The pathology report read as follows: "The extensive nature of the non-necrotizing granulomatous inflammation with associated fibrosis, as well as the distribution with an apparent lymphatic pattern, raise the possibility of background fibrotic sarcoidosis.The fungus has morphologic features consistent with Aspergillus, and is mainly present within the cavity without tissue invasion.  However, there are some areas of acute inflammation and necrosis associated with the cavity, and thus a semi-invasive infectious process cannot be excluded. Furthermore, the possibility that the background pulmonary non-necrotizing granulomatous inflammation is due to infection cannot be completely excluded, although it seems less likely based on overall morphologic features". So well thought-out!

Essentially, the pathologist believes that the patient has underlying fibrotic sarcoidosis but cannot exclude the possibility that the disease is merely caused by infection.

Azole Resistance

Operative cultures grew Aspergillus fumigatus. No surprise there. We continued isavuconazole. On postoperative follow-up, the surgical incision was healing well. However, the patient endorsed worsening hemoptysis (always a concerning symptom as it can be potentially life-threatening). 

Antifungal susceptibility testing showed resistance to two azole antifungals. Minimum inhibitory concentrations (MICs) in mcg/mL: Itraconazole 0.5, voriconazole 2, posaconazole 0.25 and isavuconazole 2. 

Is azole-resistant Aspergillus fumigatus present in the US? Apparently, it is! Prolonged mold-active azole exposure in a patient with mycetoma is the perfect setting for emergence of resistance. 
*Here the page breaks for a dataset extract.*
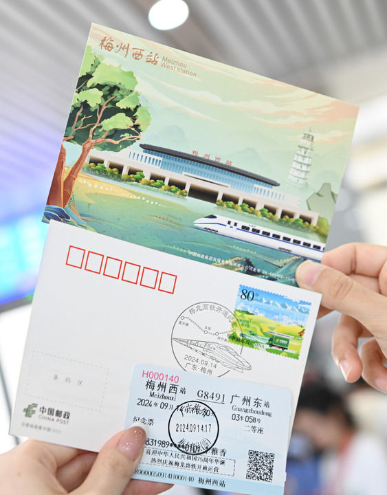9月14日,旅客在梅州西站手持郵政明信片和車(chē)票慶祝龍龍高鐵梅龍段開(kāi)通運(yùn)營(yíng)。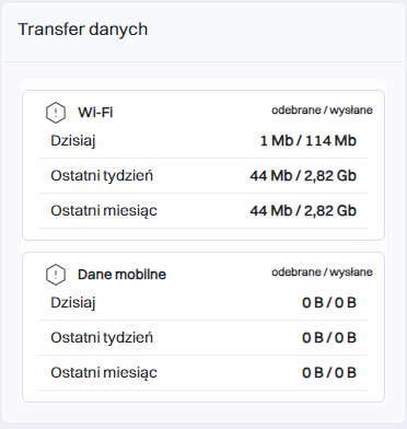 Sekcja ta przedstawia informacje o użyciu danych przez urządzenie. Pokazuje ona ilość danych otrzymanych (pobranych) i wysłanych dla dwóch różnych typów połączeń: Wi-Fi i dane mobilne.

Acquisition of resistant strains from the environment has been reported in Western Europe (mainly in the Netherlands). It has been proposed that this is related to the use of fungicides in agriculture. Paul Verweij has extensively studied azole resistance in aspergillosis. Those interested should definitely review his work. At a national reference center for chronic pulmonary aspergillosis in the United Kingdom, we reported a rate of 16.7% of pan-azole resistance. Most of these patients had prolonged exposure to azole antifungals. Using high-volume sputum culture we were able to greatly enhance the detection of Aspergillus species and run antifungal susceptibility testing. This work was led by Malcolm Richardson.

Interestingly, resistance to voriconazole may be accompanied by resistance to isavuconazole. This has to do with the specific target and mechanism of drug action. As outlined above, the patient had prolonged exposure to both voriconazole and isavuconazole. We were left with posaconazole as the only treatment option (I would be very hesitant to use itraconazole in a patient with severe voriconazole-associated peripheral neuropathy). Novel antifungals with in vitro activity against Aspergillus include ibrexafungerp, olorofim and fosmanogepix. These are promising treatment options for azole-resistant strains. 

Closing the Case

The patient went for right upper lobectomy two months after the initial surgery. I believe that he is at risk for recurrent disease given his high fungal burden. Risk factors have not been clearly delineated. The risk of recurrence may be higher in the setting of  intraoperative fungal spillage or dense adhesions to the pleura. There may be genetic factors (Future research will show). We are continuing antifungal treatment for 12 months postoperatively and keeping an eye for emergence of posaconazole resistance.

By the way, do you know how Aspergillus got its name? The organism was first catalogued in 1729 by the Italian priest and biologist Pier Antonio Micheli. Viewing the fungi under the microscope, Micheli was reminded of the shape of the aspergillum that is used to sprinkle holy water.